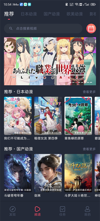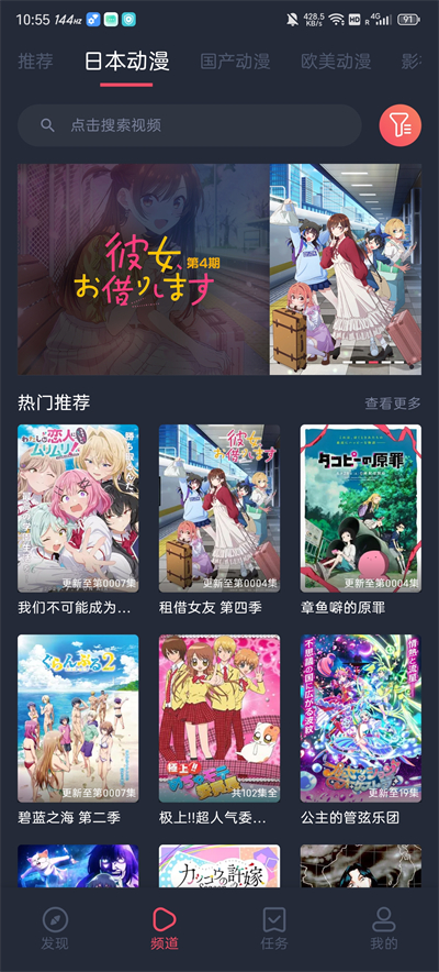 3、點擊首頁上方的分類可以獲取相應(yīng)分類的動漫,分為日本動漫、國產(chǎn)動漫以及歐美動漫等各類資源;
==
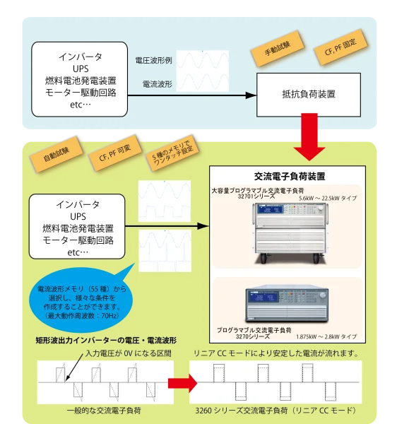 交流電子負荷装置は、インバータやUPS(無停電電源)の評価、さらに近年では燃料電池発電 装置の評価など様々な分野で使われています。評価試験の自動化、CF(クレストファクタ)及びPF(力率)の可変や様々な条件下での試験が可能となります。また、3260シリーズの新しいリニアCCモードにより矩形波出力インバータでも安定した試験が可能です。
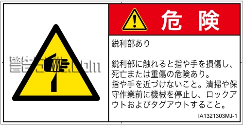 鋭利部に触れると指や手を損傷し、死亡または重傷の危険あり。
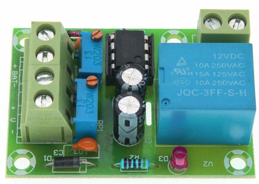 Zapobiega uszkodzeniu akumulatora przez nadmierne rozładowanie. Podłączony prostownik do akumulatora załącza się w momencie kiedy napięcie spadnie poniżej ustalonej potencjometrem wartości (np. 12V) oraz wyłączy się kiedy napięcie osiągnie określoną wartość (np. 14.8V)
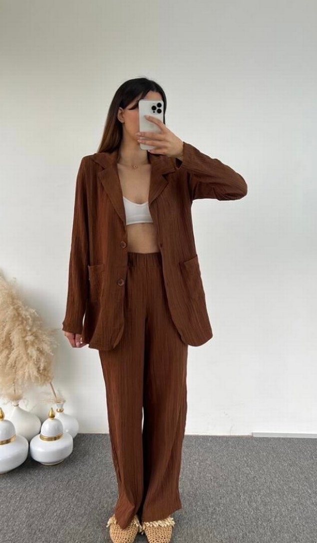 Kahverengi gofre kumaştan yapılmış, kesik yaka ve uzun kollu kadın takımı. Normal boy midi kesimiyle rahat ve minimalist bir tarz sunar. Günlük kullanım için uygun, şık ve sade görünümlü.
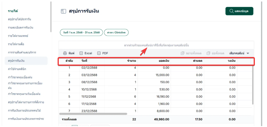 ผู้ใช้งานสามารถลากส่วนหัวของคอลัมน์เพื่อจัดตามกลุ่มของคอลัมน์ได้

— YOUR ASSIGNMENT —
Copy word for word the lines above, starting at the line containing "Kahverengi gofre kumaştan" and ending at the line containing "ผู้ใช้งานสามาร", inclusive, with no pictures.

— RESPONSE BELOW —
 Kahverengi gofre kumaştan yapılmış, kesik yaka ve uzun kollu kadın takımı. Normal boy midi kesimiyle rahat ve minimalist bir tarz sunar. Günlük kullanım için uygun, şık ve sade görünümlü.
 ผู้ใช้งานสามารถลากส่วนหัวของคอลัมน์เพื่อจัดตามกลุ่มของคอลัมน์ได้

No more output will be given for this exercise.